Ecco allora per mamma e papà, a partire da questa consapevolezza, iniziare la possibilità di scoprire i propri sentimenti.

La scoperta
Guardando dentro di sé mamma scopre di sentirsi meno gratificata delle moine del piccolo quando egli dorme. In fondo il gorgogliare del piccino, i suoi sorrisi e il suo bisogno di mamma sono la continua conferma che egli la ama, che egli l’apprezza, che c’è finalmente nella vita qualcuno per cui ella conta.
Pensando a sé papà scopre che è molto orgoglioso di avere un piccino capace di grande ostinazione e che, a differenza di lui, pensa non cederà facilmente alle pressioni e agli obblighi della vita. Papà scopre così che uno dei comportamenti che egli tema manchino a lui stesso, e che desidera che suo figlio possieda, è la capacità di -non cedere-mai-.
Mamma e papà, magari camminando piacevolmente, soli, in un parco potranno così riscoprire i sentimenti più profondi che il figlio suscita in loro. Potranno inoltre ritrovare uno spazio personale nel quale, anziché contendersi la soddisfazione attraverso il bambino, possono darsela reciprocamente. Ritrovano così uno spazio di coppia che altrimenti non solo viene eroso dal bambino, ma addirittura può diventare motivo di screzi, incomprensioni, accuse e rotture.
Questi genitori, ritrovandosi come uomo e donna, possono reciprocamente donarsi la sensazione d’importanza e soddisfare il desiderio di autonomia senza chiedere al piccolo di essere funzionale a queste loro inquietudini.
Ritrovata la solidarietà di coppia, ritirati dal piccino bisogni propri, mamma e papà possono tornare a casa disponibili a fronteggiare insieme l’incapacità del figlio ad addormentarsi.

Il suggerimento
Il bambino ha bisogno della presenza dei genitori, ma ogni bambino cresce anche grazie alle loro assenze. Esse gli permettono di sentire che può sopravvivere, farsi compagnia, esistere anche se loro non ci sono.
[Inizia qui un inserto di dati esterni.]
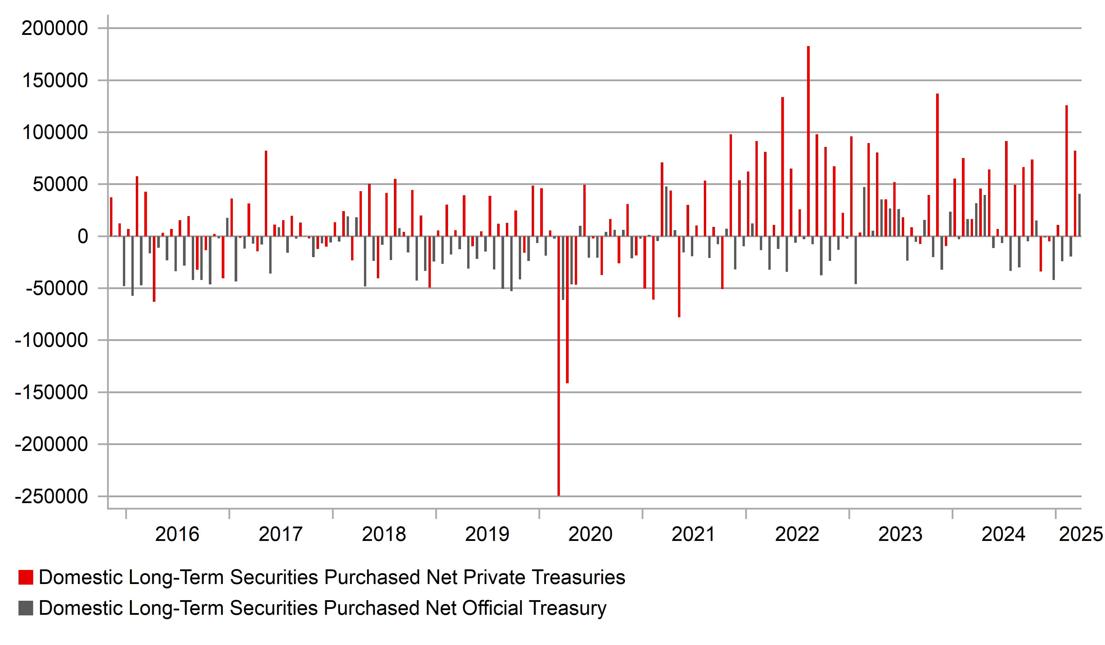 In our FX Weekly on Friday (here) we highlighted the fact that while there has been evidence of central bank selling of UST bonds both in recent months and further back over a number of years, this selling was more than offset by huge buying by private foreign investors. The TIC data for March was released on Friday evening and the data showed little evidence overall of foreign investor flight from the US. Of course it was the price action in April that fuelled fears of foreign investor flight, but certainly in the month ahead of that there was limited signs of any loss of confidence in US assets – and this covered the period of Trump announcing tariffs on China twice – at the start of Feb and March – and the announcement of steel and aluminium in Feb and on autos in late March.

Sono separazioni che, se proporzionali, all’età del piccino, lo portano a maturare.
Madri e padri allora non sono -buoni genitori- se vivono a totale disposizione del figlio, ma possono essere maggiormente di aiuto alla sua crescita se sanno -allontanarsi- con gradualità da lui. La prima separazione è lasciare il bebè nella sua culla senza sensi di colpa per l’abbandono e senza confusione tra i propri bisogni e i suoi. E’ perciò opportuno che la dolcezza delle parole, la rassicurante ninna nanna e la tonalità emotiva con cui gli vengono raccontate le favole lo accompagnino dalla veglia al sonno per donargli quel rifornimento di presenza che gli permette di affrontare il vuoto della notte. Ma, forse, quel rito ripetuto a fine giornata, quel cantilenare che si ripete sicuro ad ogni
separazione importante dona sia ai genitori che ai figli la forza di stare per un po’ lontani.